I'm following along and trying to prove the 4 equations for back propagation in neural networks in chapter 2 of this book:
Prove: \begin{eqnarray} \delta^l = ((w^{l+1})^T \delta^{l+1}) \odot \sigma'(z^l) \nonumber\end{eqnarray}
However, I'm stuck on the very first step of this one, in which $\delta^l_j$ (error in activation of neuron $j$ in layer $l$) at a more advanced layer is related to the error in a previous layer:
\begin{eqnarray} \delta^l_j & = & \frac{\partial C}{\partial z^l_j} \tag{40}\\ & = & \sum_k \frac{\partial C}{\partial z^{l+1}_k} \frac{\partial z^{l+1}_k}{\partial z^l_j} \tag{41}\\ & = & \sum_k \frac{\partial z^{l+1}_k}{\partial z^l_j} \delta^{l+1}_k, \tag{42}\end{eqnarray}
The chain rule is supposed to be at play here, and I certainly can see its form at work. However, the discrete nature of the problem has me a bit turned around. Can someone simply explain the first step to me?
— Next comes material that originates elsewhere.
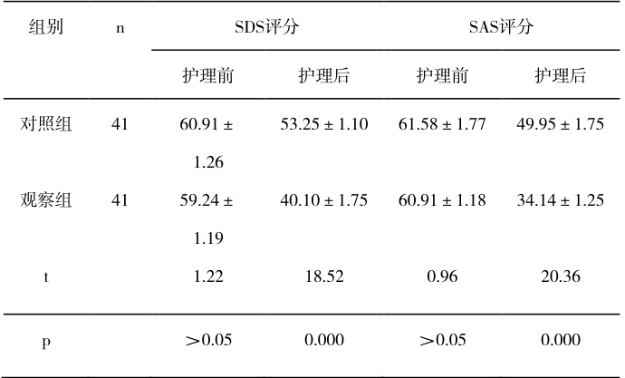 1.3 观察指标 护理前后采用焦躁自评量表(SAS)和抑郁自评量表 (SDS)对患者的焦躁和抑郁水平进行评估。

As for the work I myself have done, it is relegated to a single self-contained layer, which is the first proof of the chapter. I was able to do it without reading ahead, which made me happy:
by definition, $C$ is a function of the activation $a^l_j = \sigma(z^l_j)$ where $z^l_j$ is the linear combination of weights and biases $z^l_j=\sum_k w^l_{jk}a^{l-1}_k + b_j$. So, by the chain rule, it's pretty trivial for me to say:
\begin{eqnarray} \delta^l_j & = & \frac{\partial C}{\partial z^l_j} \\ & = & \frac{\partial C}{\partial a^l_j}\frac{\partial a^l_j}{\partial z^l_j}\\ & = & \frac{\partial C}{\partial a^l_j}\sigma'(z^l_j)\end{eqnarray}
Your explanations, hints, pokes and prods are appreciated. This is not homework, so feel free to use as much or as little detail as you desire.
Edit in response to comment: @jeea, I've written $z^{l+1}_j = \sum_k w^{l+1}_{jk} \sigma(z^l_k)+ b^{l+1}_j$, which is the only way I can see to write one in terms of the previous. How this relates to the proof, I still cannot see.